The first step of basic research consists of lead molecule discovery and its target identification which is totally done by biomedical scientists. During lead discovery, an intensive search ensues to find a drug-like small molecule or biological therapeutic, typically termed a development candidate, that will progress into preclinical, and if successful, into clinical development and ultimately be a marketed medicine. Generally, drugs are very specific in nature, i.e., they work in a specific manner on a specific type of cell or exo or endotoxins. So, first, to discover the lead, one has to find the type of cell or chemical substances on which the drug is going to affect, what’s the nature of the target.

The next step is the preclinical trial, which is a stage of research that begins before clinical trials (testing in humans) and during which important feasibility, iterative testing, and drug safety data are collected, typically in laboratory animals. This step requires multiple types of studies/tests like screening, tests on isolated organs and bacterial cultures, tests on animal models, general observational tests, confirmatory tests and analogous activities, mechanism of action, systemic pharmacology, quantitative tests etc. that are all done by Biochemistry people. The main purpose of preclinical studies is to accurately model the desired biological effect of a drug in animals [non-human primates] in order to predict treatment outcomes in patients (efficacy), and to identify and characterize all toxicities associated with a drug in order to predict adverse events in people (safety) for informed—preclinical testing analyses the bioactivity, safety, and efficacy of the formulated drug product.

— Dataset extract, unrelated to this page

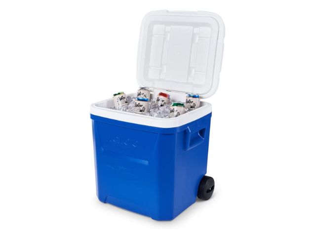 Esta es la nevera con ruedas Laguna Igloo de 56 Lts 60Qt y hasta 93 latas Azul. Chévere para los viajes es contar con el aislamiento limpio y ecológico gracias a la espuma THERMECOOL™ y así poder mantener tus bebidas o alimentos a la temperatura ideal hasta 3 días. Además, gracias a sus ruedas, te dará movilidad todo terreno.

After a proposed drug has gone through premedical trials, the next step is clinical trials. The main difference is while preclinical research answers basic questions about a drug’s safety, it is not a substitute for studies of ways the drug will interact with the human body. The biomedical persons design clinical trials, develop a study plan or protocol and follow them to answer specific research questions related to medical products. Before the trial begins, they decide who qualifies to participate (selection criteria), how many people will be part of the study, how long the study will last, whether there will be a control group and other ways to limit research bias, how the drug will be given to patients and at what dosage, what assessments will be conducted, when, and what data will be collected, how the data will be reviewed and analysed. Clinical trials follow a typical series of early, small-scale, Phase 1 studies [20-100 healthy/diseased volunteers], Phase 3 studies [Several hundred people with the disease], Phase 3 studies [300-3000 volunteers with the disease], and lastly, late-stage, large scale Phase 4 studies [Several thousand volunteers with the disease].

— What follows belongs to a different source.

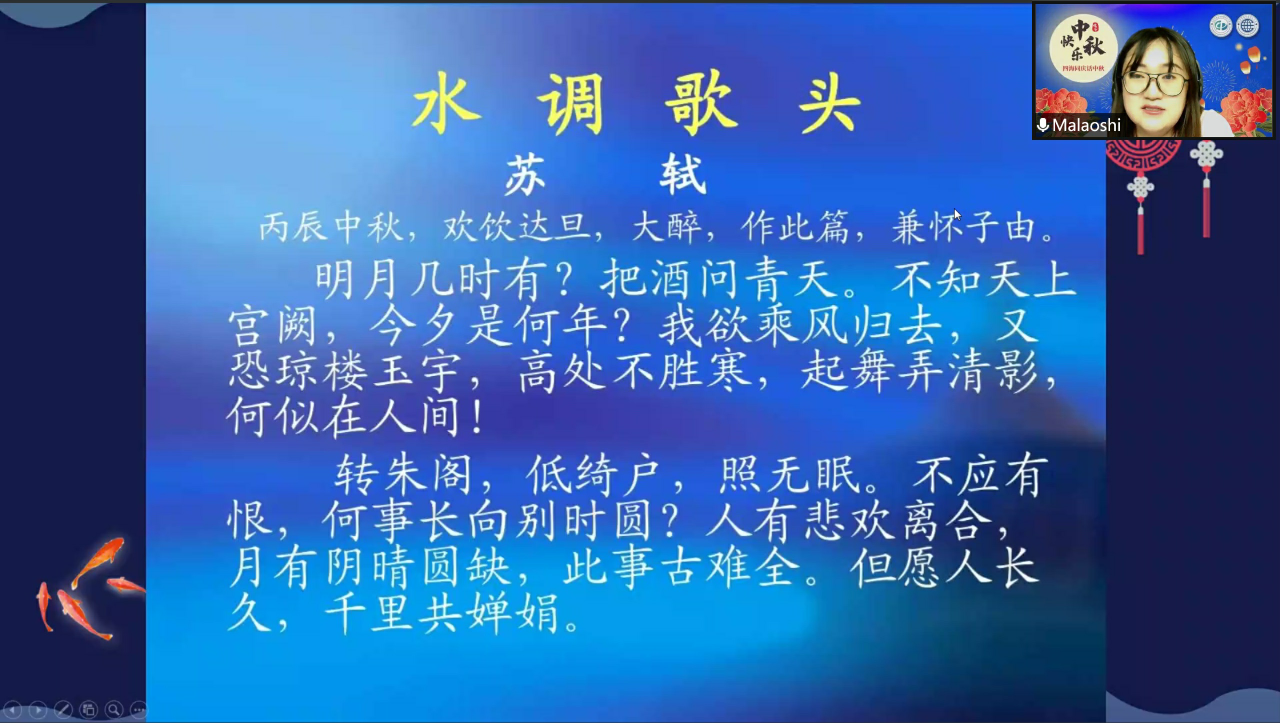 “人生代代无穷已,江月年年望相似”,从古至今,月亮都寄托着中国人的满腔情思,在轻柔的乐声中,马老师与在座师生分享了许多与“明月”相关的诗词名篇,大家的思乡心绪也被勾起。

The next step is, review by regulatory authorities and approval of the drug. Drug approval processes are designed to allow safe and effective drugs to be marketed. Drug regulatory agencies in various countries attempt to rely on premarketing scientific studies of the effects of drugs in animals and humans in order to determine if new drugs have a favourable risk-to-benefit ratio. The manufacturer must provide the concerned authority review of all the test and study reports with detailed information about the proposed drug including usage of the drug to be effective, all the possible risks, and how to use it. Physicians and scientists of the concerned authority then review the drug research and the labelling information on how to use the drug. If the findings show the drug’s benefits outweigh its known risks — and that the drug can be manufactured in a way that ensures a quality product.

After the drug gets all the certification, the last step is Post-marketing monitoring. Post marketing drug surveillance refers to the monitoring of drugs once they reach the market after clinical trials. It evaluates drugs taken by individuals under a wide range of circumstances over an extended period of time. Such surveillance is much more likely to detect previously unrecognized positive or negative effects that may be associated with a drug. The majority of post-marketing surveillance concern adverse drug reactions (ADRs) monitoring and evaluation. Therefore, biochemistry people always get an edge in these type of drug developmental industry.

Genetics: A field to excavate for futuristic potentials

According to Edwin Grant Conklin, “what molecules and atoms and electrons are to physicists and chemists, chromosome and genes are to biologists”.

At the end of school days, as the students are at the verge of initiating their higher education, they develop a fairly vivid idea about their inclination towards a particular subject of interest. This decision is the most crucial stepping stone in the budding path of their career. If the science of life fascinates a student, then the curriculum of biology provides a basic introduction to different fields of biological science like botany, zoology, physiology, microbiology, genetics, etc. Some of these fields are classical while the others are contemporary with continuous addition of recent technologies and novel findings.

When a young scientific mind intends to unravel the mystery underlying the behaviour and characteristic features of the living world, the interrogation should be triggered at the level of DNA. DNA is an astonishing molecule that stores every possible information of all life forms: How they look like? Do they resemble their parents? How they function? Whether a person is more inclined to have a disease or whether a person can have some power to avoid a disease? How to increase yield of a crop? And many other questions find their answer in this central molecule of biology. In short, DNA is the language that writes the story of genes according to which the life forms enact.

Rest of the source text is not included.